Introduction

As a major public health concern, stroke is the second leading cause of death and the third most important cause of disability-adjusted life-years worldwide1. Due to the negative impact of rapid urbanization, aging of the population and the relatively early age at which stroke occurs, China and India, the world’s two most populous countries, however, are likely to bear the major burden1,2.

Sleep is a natural and essential physiological process crucial for homeostasis. Various studies have examined the association between sleep duration and risk of stroke, but the results are inconsistent and dependent on social, cultural, and demographic factors3,4,5. A recent meta- analysis of 15 prospective cohorts showed that both short and long durations of sleep were associated with high risk of stroke, presenting a U-shaped relationship6. Other studies reported strong effects for long sleep only, indicating a J-shaped relationship3,5. In addition, studies investigating ischemic and hemorrhagic stroke separately are rare and evidence from Chinese populations is limited.

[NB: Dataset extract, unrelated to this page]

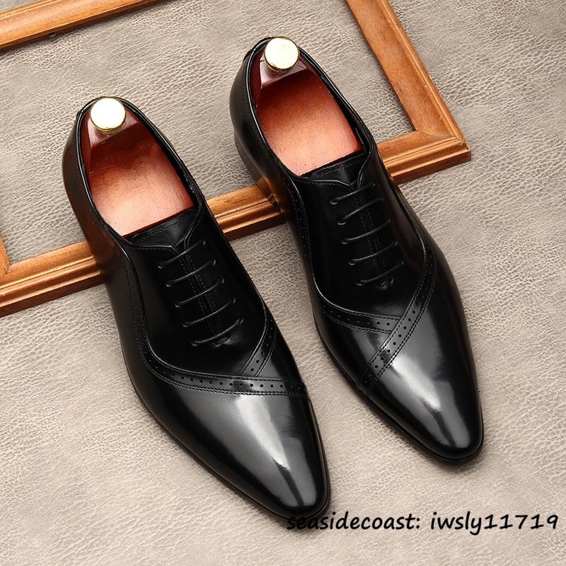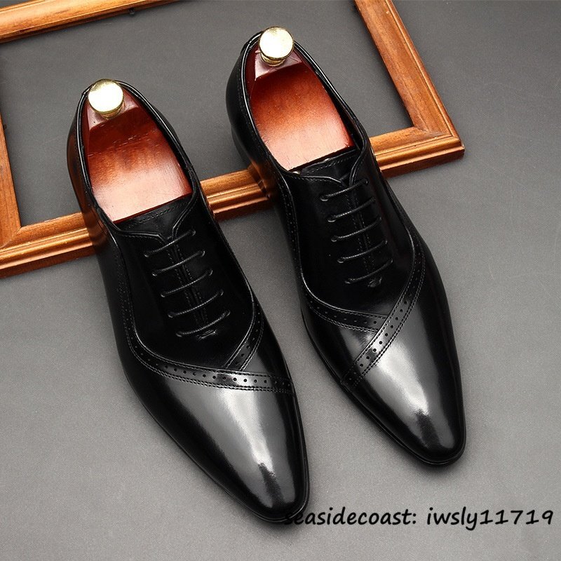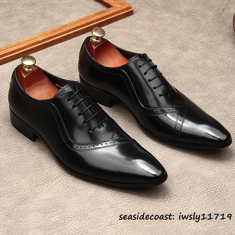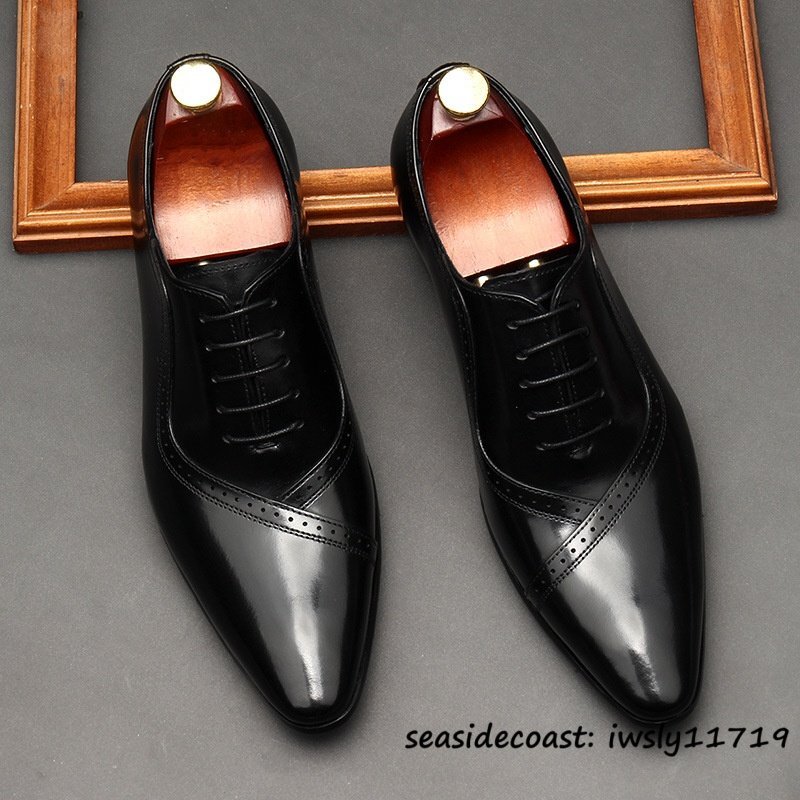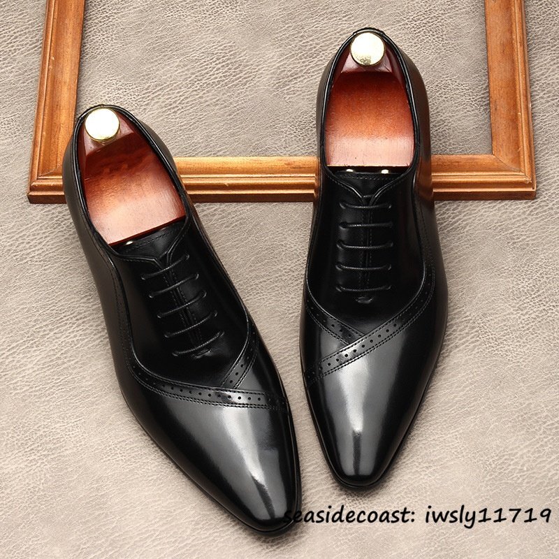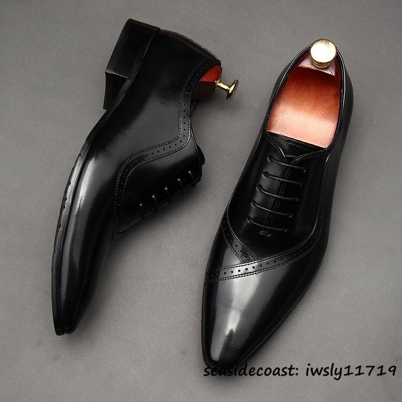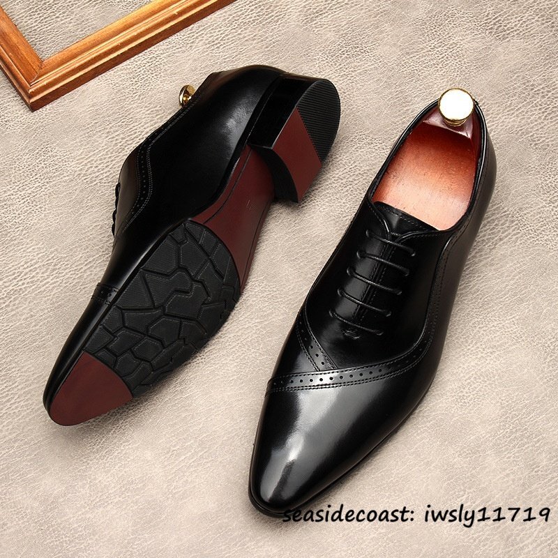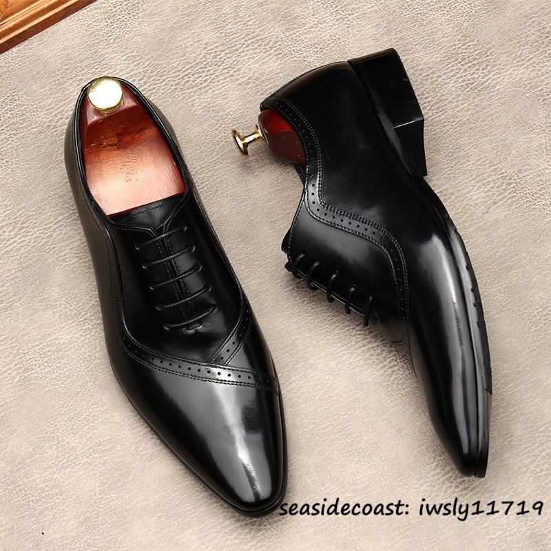 最高級◆定価9万 ビジネスシューズ 本革 レザーシューズ メンズ 超希少 職人手作り 牛革 紳士靴 フォーマル 冠婚葬祭 革靴 ブラック 26.5cm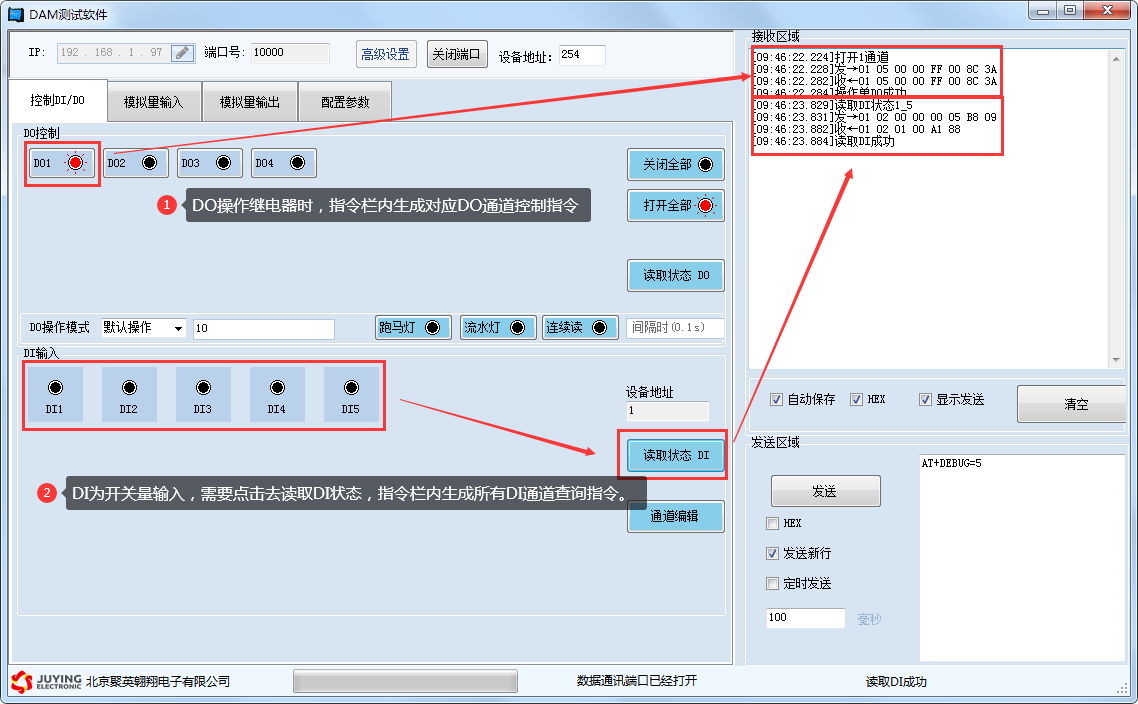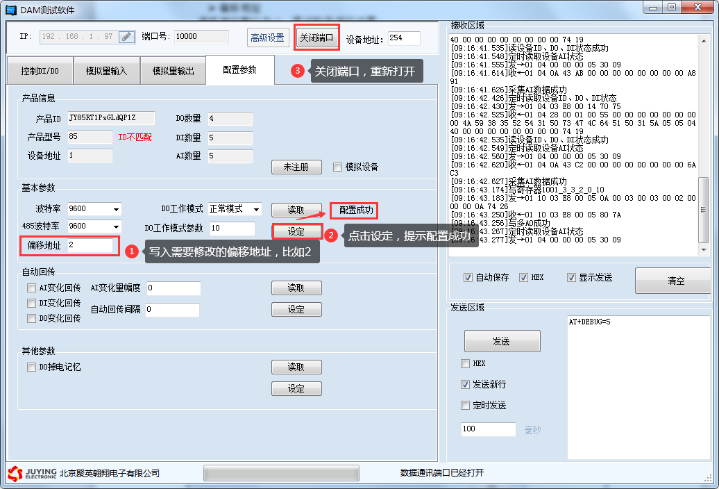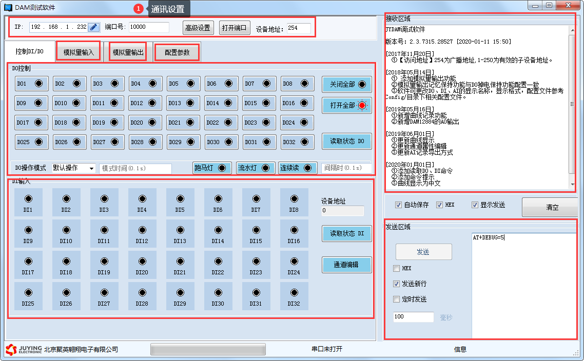詳細使用說明參考:JYDAM調試軟件使用說明

Daytime napping confers health benefits through a postulated “stress-releasing” mechanism7. Meanwhile, characterized by daytime napping, daytime sleepiness has been treated as an indicator of poor sleep quality or potential health disorders8,9. Given the high prevalence of daytime napping in elder Chinese, it is important to have a further understanding in the relationship between daytime napping and stroke risk in elder population.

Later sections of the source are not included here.